**PROBLEM**
Copy out the data below from the line containing "Peignoir de Bain" to the line containing "A Esmerilhadeira Bosch", both lines included, with all images left out.

**AVAILABLE DATA**
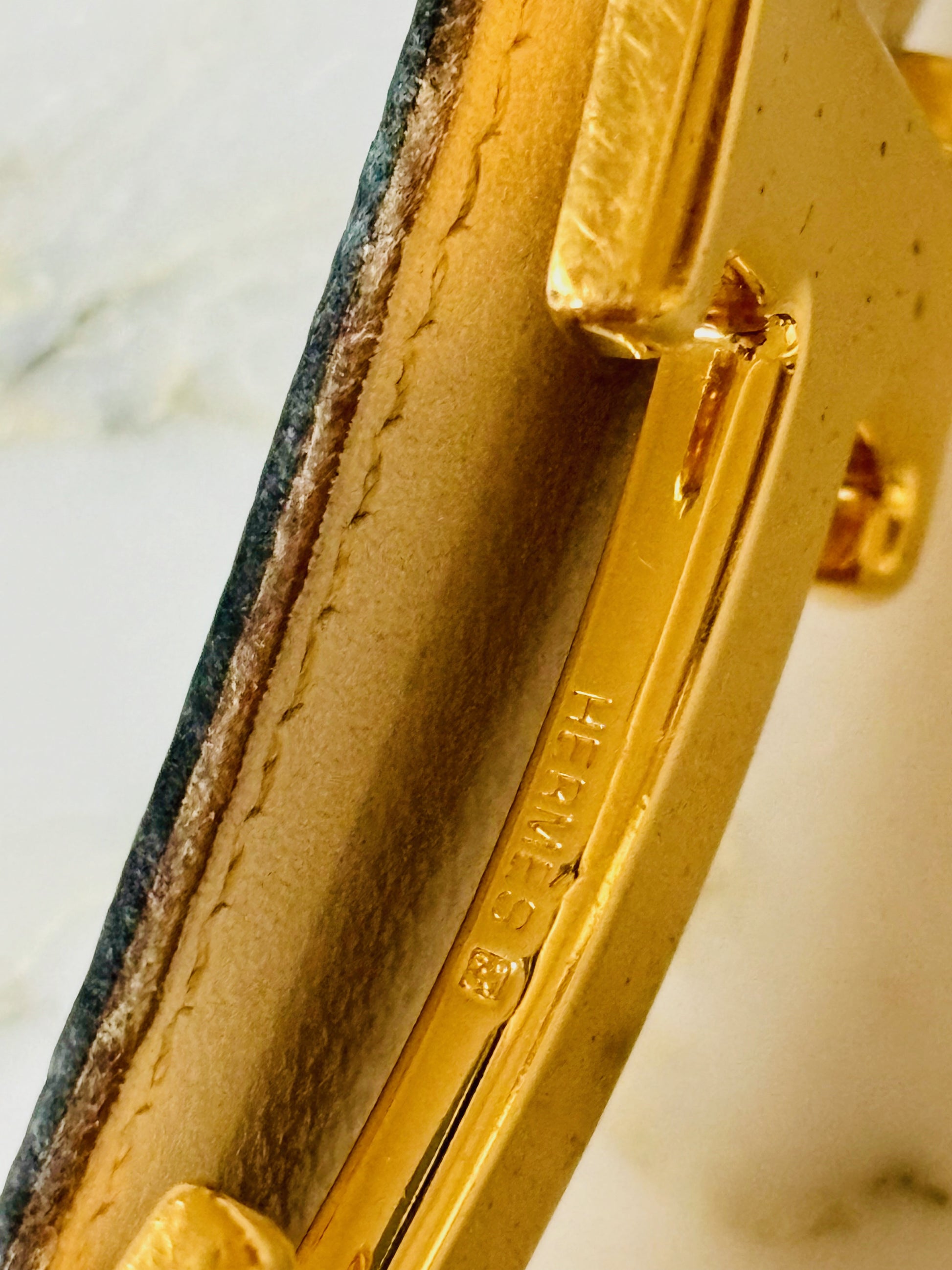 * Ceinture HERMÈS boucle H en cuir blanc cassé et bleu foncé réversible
==
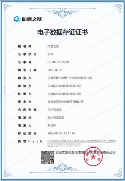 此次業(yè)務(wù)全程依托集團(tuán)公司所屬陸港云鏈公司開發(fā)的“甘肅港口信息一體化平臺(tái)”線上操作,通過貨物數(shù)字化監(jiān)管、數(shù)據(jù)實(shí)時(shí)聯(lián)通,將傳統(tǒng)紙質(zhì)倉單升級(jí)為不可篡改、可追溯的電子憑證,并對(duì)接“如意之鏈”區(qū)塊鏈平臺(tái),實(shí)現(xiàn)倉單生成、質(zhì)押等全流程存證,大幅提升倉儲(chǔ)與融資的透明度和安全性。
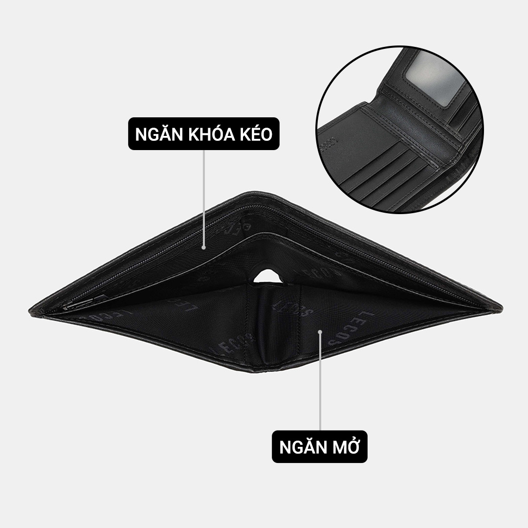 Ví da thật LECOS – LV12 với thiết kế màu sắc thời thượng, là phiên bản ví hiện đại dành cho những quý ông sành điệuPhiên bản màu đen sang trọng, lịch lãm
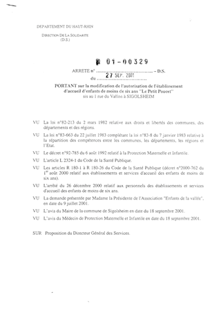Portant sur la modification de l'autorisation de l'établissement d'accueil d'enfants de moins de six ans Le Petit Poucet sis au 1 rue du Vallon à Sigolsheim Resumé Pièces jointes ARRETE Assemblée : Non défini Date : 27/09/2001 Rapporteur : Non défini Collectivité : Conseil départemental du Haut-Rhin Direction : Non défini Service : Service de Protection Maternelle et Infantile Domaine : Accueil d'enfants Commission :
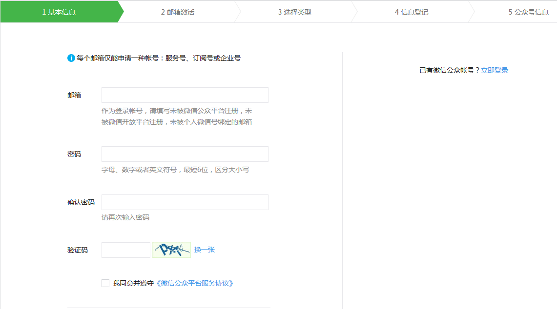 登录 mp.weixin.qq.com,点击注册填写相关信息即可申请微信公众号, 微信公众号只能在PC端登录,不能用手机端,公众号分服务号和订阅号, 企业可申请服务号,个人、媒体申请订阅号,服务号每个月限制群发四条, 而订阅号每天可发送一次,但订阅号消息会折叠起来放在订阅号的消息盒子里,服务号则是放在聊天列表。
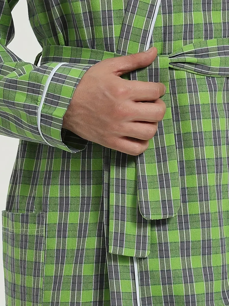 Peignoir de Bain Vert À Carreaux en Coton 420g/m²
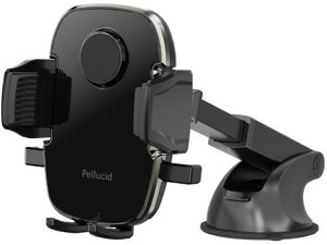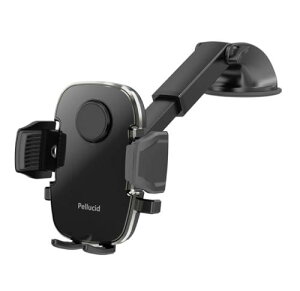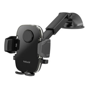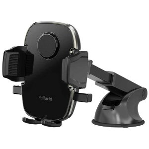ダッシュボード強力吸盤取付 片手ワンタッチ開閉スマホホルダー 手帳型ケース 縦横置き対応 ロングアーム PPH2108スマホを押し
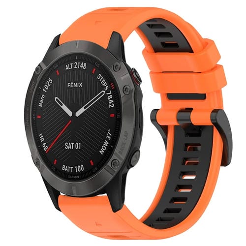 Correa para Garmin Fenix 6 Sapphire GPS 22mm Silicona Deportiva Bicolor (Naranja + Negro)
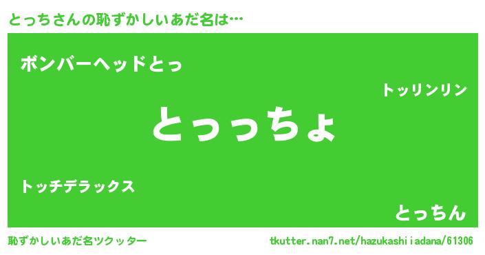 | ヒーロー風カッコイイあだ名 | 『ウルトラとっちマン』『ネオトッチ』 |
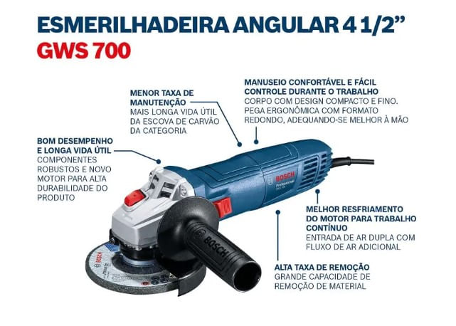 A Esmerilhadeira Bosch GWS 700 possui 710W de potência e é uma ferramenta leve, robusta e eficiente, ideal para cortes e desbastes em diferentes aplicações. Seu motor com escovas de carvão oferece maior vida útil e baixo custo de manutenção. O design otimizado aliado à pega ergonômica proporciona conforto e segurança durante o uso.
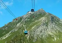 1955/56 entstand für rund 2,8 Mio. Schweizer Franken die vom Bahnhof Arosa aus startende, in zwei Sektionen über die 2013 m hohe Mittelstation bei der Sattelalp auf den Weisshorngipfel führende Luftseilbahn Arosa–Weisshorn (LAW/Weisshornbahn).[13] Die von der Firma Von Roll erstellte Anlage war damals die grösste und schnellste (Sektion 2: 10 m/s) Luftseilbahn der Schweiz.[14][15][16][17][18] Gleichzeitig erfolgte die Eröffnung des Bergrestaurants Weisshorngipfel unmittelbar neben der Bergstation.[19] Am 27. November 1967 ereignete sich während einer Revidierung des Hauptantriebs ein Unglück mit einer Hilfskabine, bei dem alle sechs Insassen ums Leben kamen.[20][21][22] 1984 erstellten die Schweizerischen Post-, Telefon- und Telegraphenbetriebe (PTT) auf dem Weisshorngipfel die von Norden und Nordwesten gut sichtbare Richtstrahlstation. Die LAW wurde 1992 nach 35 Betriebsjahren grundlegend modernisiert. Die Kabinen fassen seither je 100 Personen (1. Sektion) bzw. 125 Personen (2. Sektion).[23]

**SOLUTION BELOW**
 Peignoir de Bain Vert À Carreaux en Coton 420g/m²
ダッシュボード強力吸盤取付 片手ワンタッチ開閉スマホホルダー 手帳型ケース 縦横置き対応 ロングアーム PPH2108スマホを押し
 Correa para Garmin Fenix 6 Sapphire GPS 22mm Silicona Deportiva Bicolor (Naranja + Negro)
 | ヒーロー風カッコイイあだ名 | 『ウルトラとっちマン』『ネオトッチ』 |
 A Esmerilhadeira Bosch GWS 700 possui 710W de potência e é uma ferramenta leve, robusta e eficiente, ideal para cortes e desbastes em diferentes aplicações. Seu motor com escovas de carvão oferece maior vida útil e baixo custo de manutenção. O design otimizado aliado à pega ergonômica proporciona conforto e segurança durante o uso.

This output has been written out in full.